Dört sene üniversite öğrenciliği, bir sene askerlik yaptım.
Çok güzel anılarım vardır o küçük ülkede.
Geçirdiğim seneler içinde Rauf Denktaş'la iki kez karşılaşma imkanım oldu. Hele birinde neredeyse çarpışıyorduk. Öğrenci yurdu gibi ikamet ettiğim Lefkoşa'daki Lapethos Otel'de bir toplantı ya da tören vardı. Denktaş da bu toplantıdaydı. Kuzey Kıbrıs'ta sık sık elektrik kesilirdi. Elektrik kesildiği zaman bizim otelde jeneratör çalıştırılırdı. O gün de elektrik kesintisi olmuştu ama jeneratörde bir arıza vardı. Bir süre çalışıp duruyordu. Tekrar çalıştırıyorduk, tekrar duruyordu. Otelde uzun süredir kalmakta olduğumuz için artık personel ile arkadaş olmuştuk ve o özel günde elimizden geldiğince(kalan diğer öğrencilerle birlikte) onlara yardım ediyorduk. En son tekrar elektrik kesilince teknisyen arkadaşa haber vermek üzere telaşla merdivenlerden yukarı doğru fırladım. Ancak anlaşılan Rauf Denktaş bu sık kesintiler sonrası gitmeye karar vermişti ve merdivenlerden iniyordu. Tam burun burunayken farkedip kenara çekilebildim. Bana gülümseyerek inmeye devam etti. Kendisi önde yürüyordu, birkaç kişilik heyeti de arkasından geliyordu. Son derece mütevazi bir tavırla, insanları selamlayarak otelden ayrıldı.

Rauf Denktaş'ın geçen Cuma günü vefat etmesiyle Türk Dünyası'nın gerçek anlamdaki son özgürlük ve bağımsızlık mücadelecisi de kaybedilmiş oldu. Benim de şahit olduğum, Kuzey Kıbrıs'taki yeni nesil, özgürlüğün ve bağımsızlığın nasıl bir nimet olduğunu bilmiyor. Tıpkı Türkiye'dekilerin Cumhuriyet nimetini anlayamadıkları gibi. Kendilerine ölüm korkusunun olmadığı bağımsız bir ülke kazandıran bu insanın kıymetini asla bilemeyecekler.

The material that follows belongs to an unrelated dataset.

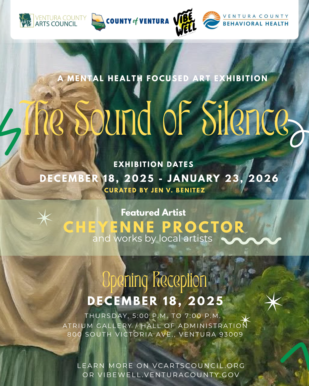 “The Sound of Silence” opens to the public at the Atrium Gallery TOMORROW, Dec. 18, with a free opening reception from 5:00 – 7:00 p.m. The exhibition, featuring work by artist Cheyenne Proctor and other local artists, runs through January 23, 2026.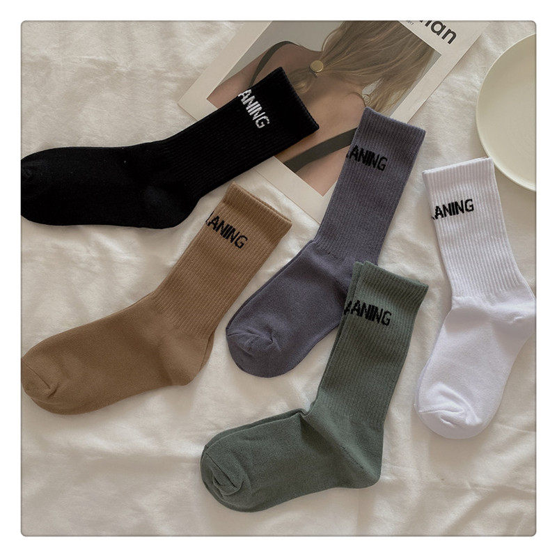 韩国ulzzang原宿港风简约字母潮牌纯色中筒棉袜子 男女百搭长袜子

Kuzey Kıbrıs, Rauf Denktaş'ın ölümüyle teslimiyet sürecine girmiş bulunuyor. Türkiye'de de Kuzey Kıbrıs'ı ikram etmek üzere tepsiye koymuş bir yönetim var; gidecek gibi de görünmüyor.
Bugün toprağa verilen Denktaş'ı büyük bir sevgi ve saygı ile selamlıyor, Allah'tan rahmet diliyorum.